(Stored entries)
══════════════════════════════

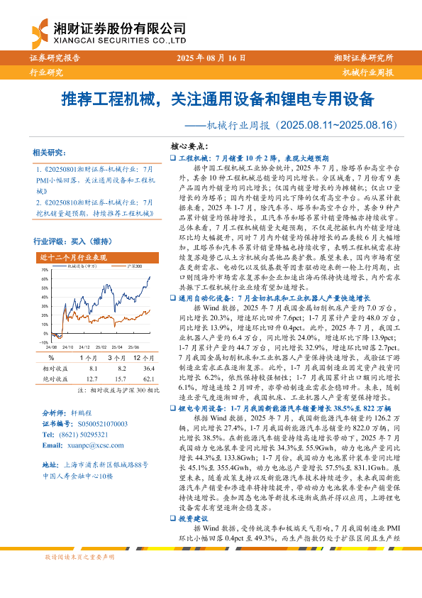 【湘财证券】【20250816】工程机械-推荐工程机械,关注通用设备和锂电专用设备-16页
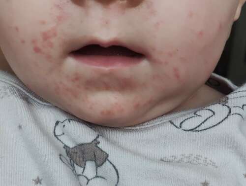 Bij ons kwam dat door het kwijlen. Uitslag inderdaad. Door zijn gezichtje goed droog te houden en in te smeren met vaseline werd het beter!
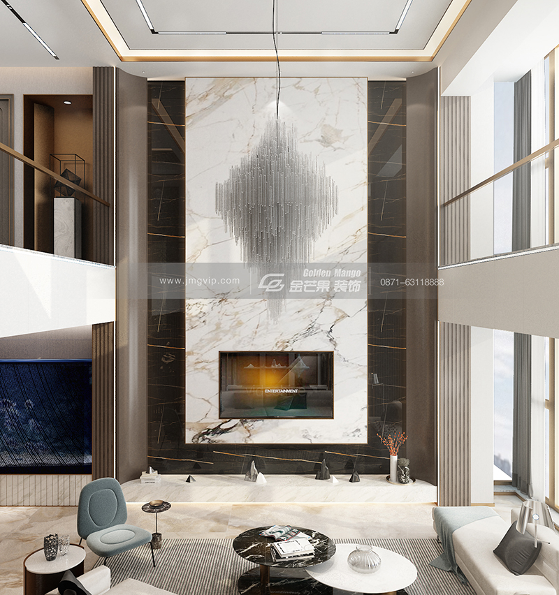 寬闊而不空曠的客廳空間,挑高的電視背景墻設(shè)計(jì),隨性又自由。石材和金色鐵藝結(jié)合的茶幾,輕松打造奢華高級(jí)感。非常具有設(shè)計(jì)感的客廳大吊燈,如夢似幻,優(yōu)雅大氣。
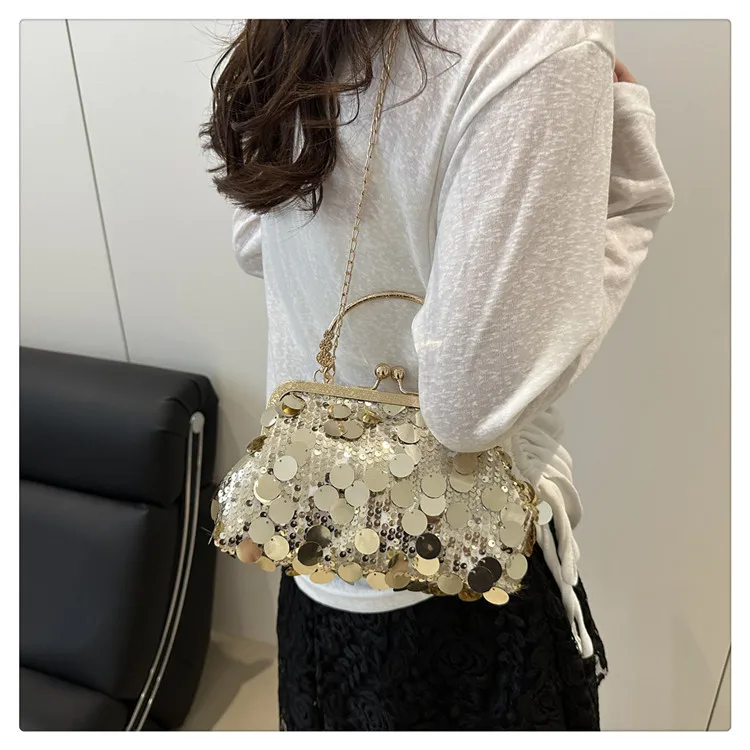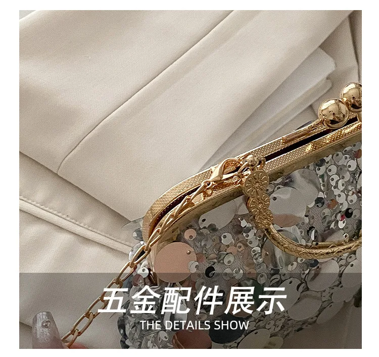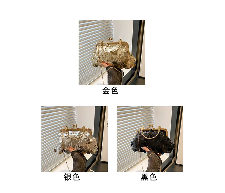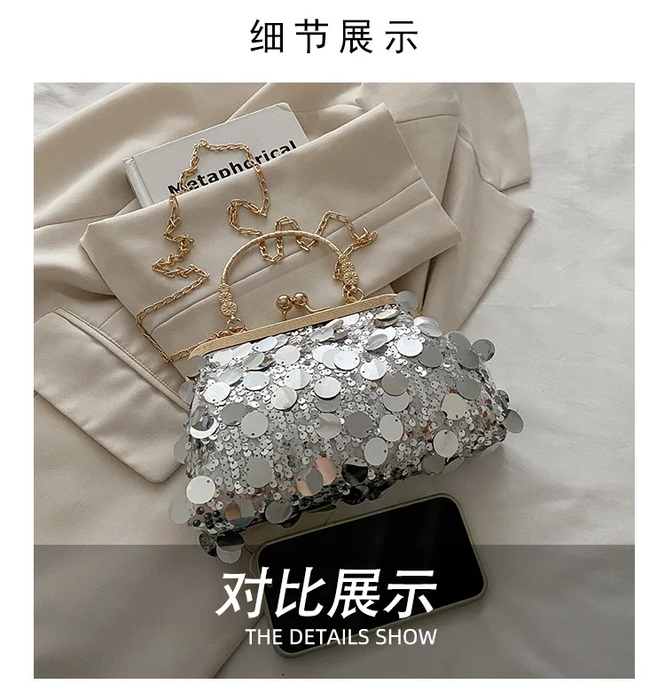 Elegant Sequined Evening Shoulder Bags for Women Solid Color Ladies Clip Chain Crossbody Bag Casual Female Shell Handbags Purse
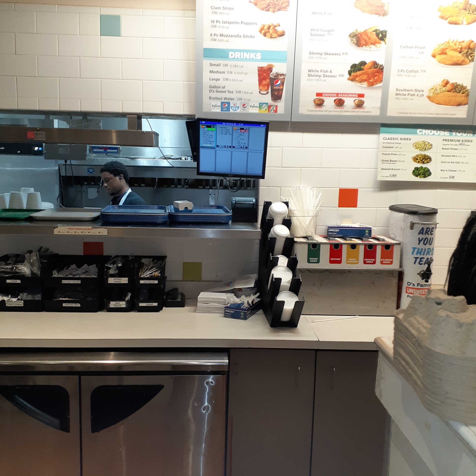 Read moreThe Drive Thru was extremely busy and there was a long line of cars that were literally wrapped around the building, yet there were hardly any people inside the Dining Area, so my friend and I went inside to place our orders to go. Once inside the lobby, we noticed that there still wasn't a line, and since we both knew exactly what we wanted, we walked straight to the counter and began waiting to place our orders; however, instead of helping us, the cashier answered the store's telephone and proceeded to take a call-in order. Now, I'm not exactly sure how Captain D's wants their cashiers to do things, but I thought that it was rather rude to take someone's order over the phone while not even acknowledging your dine-in customers. Furthermore, we were there at the designated order area waiting to have our order taken well before the phone rang, so technically, the telephone folks should have been placed on hold until after we finished ordering.. IJS. While waiting for the cashier to finish keying our orders into the system, a couple of issues came to pass- I requested that an extra order of hush puppies be added to my order- and I asked the cashier what the price for that was because I didn't see it anywhere on the menu; unfortunately, she said that she didn't know; however, the man in line behind me knew exactly what the price was.. $2.89- and as it turns out- he was correct (and he doesn't even work for Captain D's)! We didn't have to wait long at all for our food, around ten minutes, which was GREAT! When the cashier handed me my big to-go bag, I opened the small box on top and there was one single hushpuppy in it. The cashier explained, with a straight face, that this was the extra hushpuppy I had added on [and paid almost $3 for]. No thanks, Captain D's - I don't think so! After speaking briefly with the shift manager, the cashier logged back in to correct this issue (along with the issue(s) of my two missing sides, missing condiments that were requested three times and my missing order of butterfly shrimp. The cashier was quite obviously new but she was really trying hard and I appreciate that SO much. Aside from ignoring us while taking a telephone order, she honestly did a great job and she definitely gets an A+ for effort. At the end of the day, the food we took home to our families was hot, fresh, and delicious! I never mind waiting if I'm waiting on hot food and that's EXACTLY what I got.. It was SO, SO worth the wait- We will both...
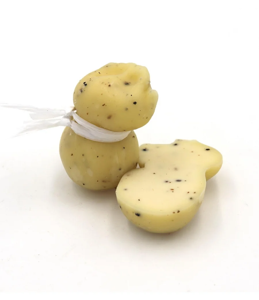 Formaggio a pasta filata il sapore è dolce con il gusto avvolgente e prelibato del tartufo nero molisano.
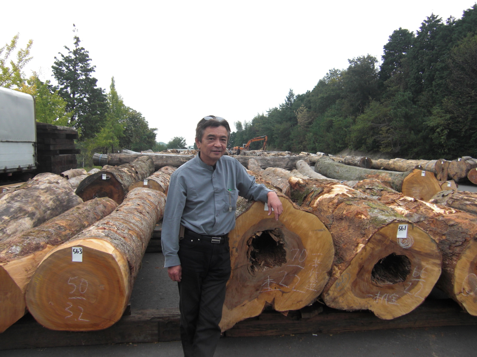 岐阜県各務原(かかみがはら)市の材木市へ、生産組合の職員、理事で原木の買い付けに行ってきました。
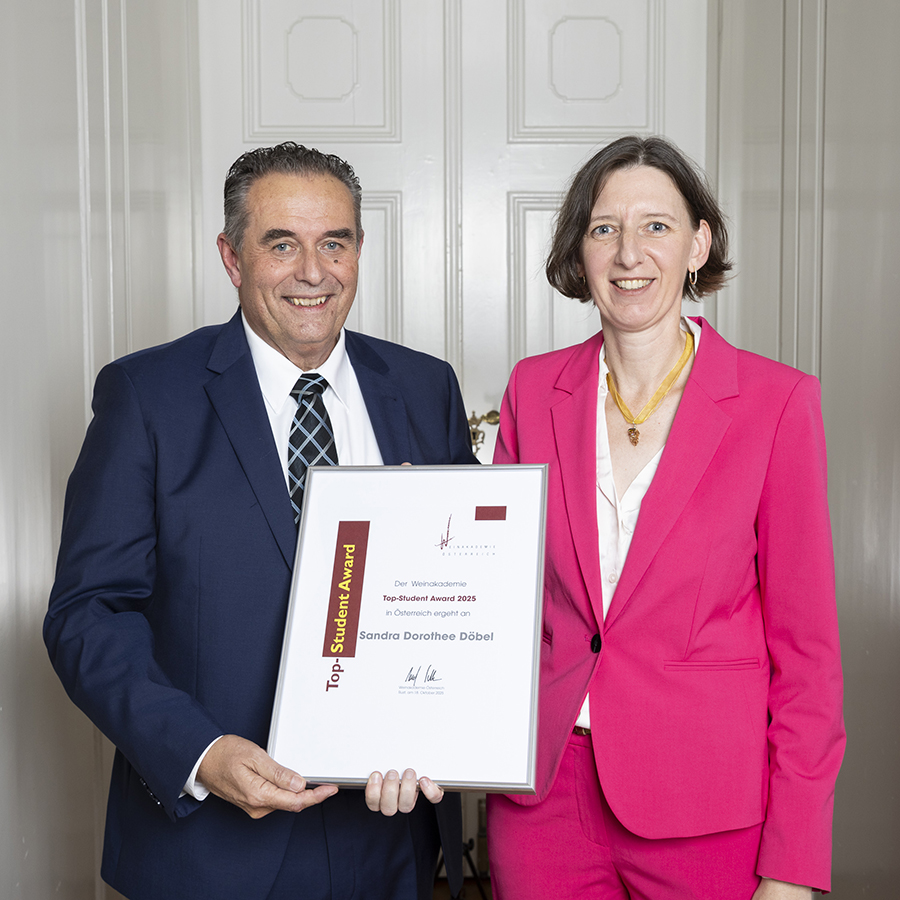 Der Weinakademie Top Student Award ging an Nadja Bleuler. Der/die beste Absolvent/in erhält ein Jahr lang eine Einladung bei allen Weiterbildungsveranstaltungen für Weinakademiker der Weinakademie Österreich kostenlos teilzunehmen. Den besten der drei Topstudents (Wädenswil, Rust und Geisenheim) winkt auch ein Schnuppertag beim Master of Wine Kurs in Rust.
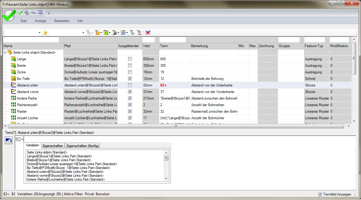 Every variable in the SOLIDWORKS® model - be it an equation or a dimension - can be assigned directly with VariXPASCAM.
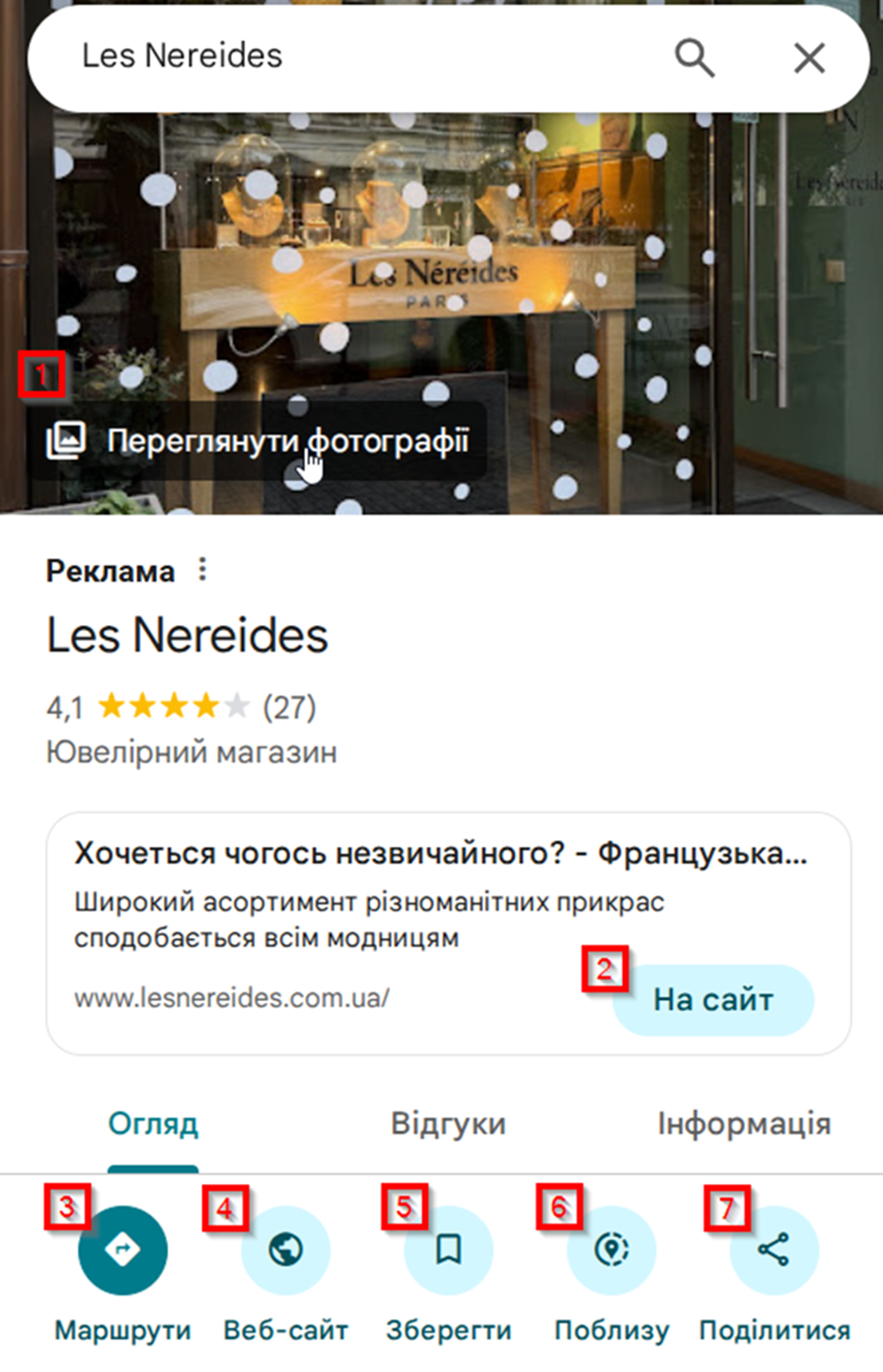 Щоб додати більше наочності, радимо завантажити в Google Мій бізнес фотографії в різних категоріях: Огляд, Інтер'єр, Фасад, Колектив та ін.
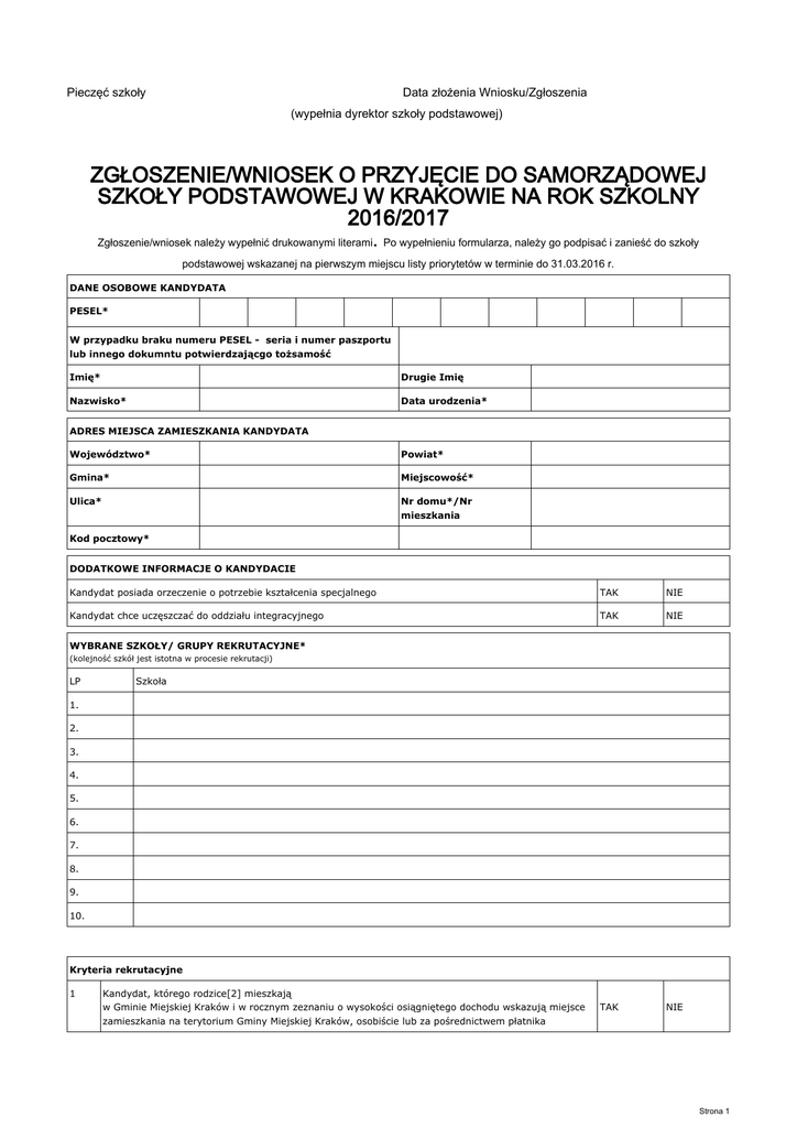 Pieczęć szkoły Data złożenia Wniosku/Zgłoszenia (wypełnia dyrektor szkoły podstawowej) ZGŁOSZENIE/WNIOSEK O PRZYJĘCIE DO SAMORZĄDOWEJ SZKOŁY PODSTAWOWEJ W KRAKOWIE NA ROK SZKOLNY 2016/2017 Zgłoszenie/wniosek należy wypełnić drukowanymi literami. Po wypełnieniu formularza, należy go podpisać i zanieść do szkoły podstawowej wskazanej na pierwszym miejscu listy priorytetów w terminie do 31.03.2016 r. DANE OSOBOWE KANDYDATA PESEL* W przypadku braku numeru PESEL - seria i numer paszportu lub innego dokumntu potwierdzającgo tożsamość Imię* Drugie Imię Nazwisko* Data urodzenia* ADRES MIEJSCA ZAMIESZKANIA KANDYDATA Województwo* Powiat* Gmina* Miejscowość* Ulica* Nr domu*/Nr mieszkania Kod pocztowy* DODATKOWE INFORMACJE O KANDYDACIE Kandydat posiada orzeczenie o potrzebie kształcenia specjalnego TAK NIE Kandydat chce uczęszczać do oddziału integracyjnego TAK NIE TAK NIE WYBRANE SZKOŁY/ GRUPY REKRUTACYJNE* (kolejność szkół jest istotna w procesie rekrutacji) LP Szkoła 1. 2. 3. 4. 5. 6. 7. 8. 9. 10. Kryteria rekrutacyjne 1 Kandydat, którego rodzice[2] mieszkają w Gminie Miejskiej Kraków i w rocznym zeznaniu o wysokości osiągniętego dochodu wskazują miejsce zamieszkania na terytorium Gminy Miejskiej Kraków, osobiście lub za pośrednictwem płatnika Strona 1 1. .................................... Kryteria rekrutacyjne 1 Kandydat ubiega się o przyjęcie do szkoły[1], której uczniem jest w bieżącym roku szkolnym oraz będzie w przyszłym roku szkolnym jego brat lub siostra TAK NIE 2 Szkoła na liście preferencji we wniosku rekrutacyjnym została wskazana na pierwszym miejscu TAK NIE 3 Szkoła znajduje się najbliżej miejsca pracy jednego z rodziców kandydata TAK NIE 4 Kandydat ubiega się o przyjęcie do szkoły[1], w której realizuje roczne przygotowanie przedszkolne TAK NIE 5 Szkoła ma siedzibę na terenie Dzielnicy Miasta Krakowa, w której mieszka kandydat TAK NIE 2. .................................... Kryteria rekrutacyjne 1 Kandydat ubiega się o przyjęcie do szkoły[1], której uczniem jest w bieżącym roku szkolnym oraz będzie w przyszłym roku szkolnym jego brat lub siostra TAK NIE 2 Szkoła znajduje się najbliżej miejsca pracy jednego z rodziców kandydata TAK NIE 3 Kandydat ubiega się o przyjęcie do szkoły[1], w której realizuje roczne przygotowanie przedszkolne TAK NIE 4 Szkoła ma siedzibę na terenie Dzielnicy Miasta Krakowa, w której mieszka kandydat TAK NIE 3. .................................... Kryteria rekrutacyjne 1 Kandydat ubiega się o przyjęcie do szkoły[1], której uczniem jest w bieżącym roku szkolnym oraz będzie w przyszłym roku szkolnym jego brat lub siostra TAK NIE 2 Szkoła znajduje się najbliżej miejsca pracy jednego z rodziców kandydata TAK NIE 3 Kandydat ubiega się o przyjęcie do szkoły[1], w której realizuje roczne przygotowanie przedszkolne TAK NIE 4 Szkoła ma siedzibę na terenie Dzielnicy Miasta Krakowa, w której mieszka kandydat TAK NIE 4. .................................... Kryteria rekrutacyjne 1 Kandydat ubiega się o przyjęcie do szkoły[1], której uczniem jest w bieżącym roku szkolnym oraz będzie w przyszłym roku szkolnym jego brat lub siostra TAK NIE 2 Szkoła znajduje się najbliżej miejsca pracy jednego z rodziców kandydata TAK NIE 3 Kandydat ubiega się o przyjęcie do szkoły[1], w której realizuje roczne przygotowanie przedszkolne TAK NIE 4 Szkoła ma siedzibę na terenie Dzielnicy Miasta Krakowa, w której mieszka kandydat TAK NIE 5. .................................... Kryteria rekrutacyjne 1 Kandydat ubiega się o przyjęcie do szkoły[1], której uczniem jest w bieżącym roku szkolnym oraz będzie w przyszłym roku szkolnym jego brat lub siostra TAK NIE 2 Szkoła znajduje się najbliżej miejsca pracy jednego z rodziców kandydata TAK NIE 3 Kandydat ubiega się o przyjęcie do szkoły[1], w której realizuje roczne przygotowanie przedszkolne TAK NIE 4 Szkoła ma siedzibę na terenie Dzielnicy Miasta Krakowa, w której mieszka kandydat TAK NIE 6. .................................... Kryteria rekrutacyjne 1 Kandydat ubiega się o przyjęcie do szkoły[1], której uczniem jest w bieżącym roku szkolnym oraz będzie w przyszłym roku szkolnym jego brat lub siostra TAK NIE 2 Szkoła znajduje się najbliżej miejsca pracy jednego z rodziców kandydata TAK NIE Strona 2 3 Kandydat ubiega się o przyjęcie do szkoły[1], w której realizuje roczne przygotowanie przedszkolne TAK NIE 4 Szkoła ma siedzibę na terenie Dzielnicy Miasta Krakowa, w której mieszka kandydat TAK NIE 7. .................................... Kryteria rekrutacyjne 1 Kandydat ubiega się o przyjęcie do szkoły[1], której uczniem jest w bieżącym roku szkolnym oraz będzie w przyszłym roku szkolnym jego brat lub siostra TAK NIE 2 Szkoła znajduje się najbliżej miejsca pracy jednego z rodziców kandydata TAK NIE 3 Kandydat ubiega się o przyjęcie do szkoły[1], w której realizuje roczne przygotowanie przedszkolne TAK NIE 4 Szkoła ma siedzibę na terenie Dzielnicy Miasta Krakowa, w której mieszka kandydat TAK NIE 8. .................................... Kryteria rekrutacyjne 1 Kandydat ubiega się o przyjęcie do szkoły[1], której uczniem jest w bieżącym roku szkolnym oraz będzie w przyszłym roku szkolnym jego brat lub siostra TAK NIE 2 Szkoła znajduje się najbliżej miejsca pracy jednego z rodziców kandydata TAK NIE 3 Kandydat ubiega się o przyjęcie do szkoły[1], w której realizuje roczne przygotowanie przedszkolne TAK NIE 4 Szkoła ma siedzibę na terenie Dzielnicy Miasta Krakowa, w której mieszka kandydat TAK NIE 9. .................................... Kryteria rekrutacyjne 1 Kandydat ubiega się o przyjęcie do szkoły[1], której uczniem jest w bieżącym roku szkolnym oraz będzie w przyszłym roku szkolnym jego brat lub siostra TAK NIE 2 Szkoła znajduje się najbliżej miejsca pracy jednego z rodziców kandydata TAK NIE 3 Kandydat ubiega się o przyjęcie do szko

══════════════════════════════

■ TASK GOAL
Starting at the line containing "Bij ons kwam" and finishing at the line containing "Elegant Sequined Evening", return those lines exactly as they appear above, without the pictures.

■ WRITTEN ANSWER
 Bij ons kwam dat door het kwijlen. Uitslag inderdaad. Door zijn gezichtje goed droog te houden en in te smeren met vaseline werd het beter!
 寬闊而不空曠的客廳空間,挑高的電視背景墻設(shè)計(jì),隨性又自由。石材和金色鐵藝結(jié)合的茶幾,輕松打造奢華高級(jí)感。非常具有設(shè)計(jì)感的客廳大吊燈,如夢似幻,優(yōu)雅大氣。
 Elegant Sequined Evening Shoulder Bags for Women Solid Color Ladies Clip Chain Crossbody Bag Casual Female Shell Handbags Purse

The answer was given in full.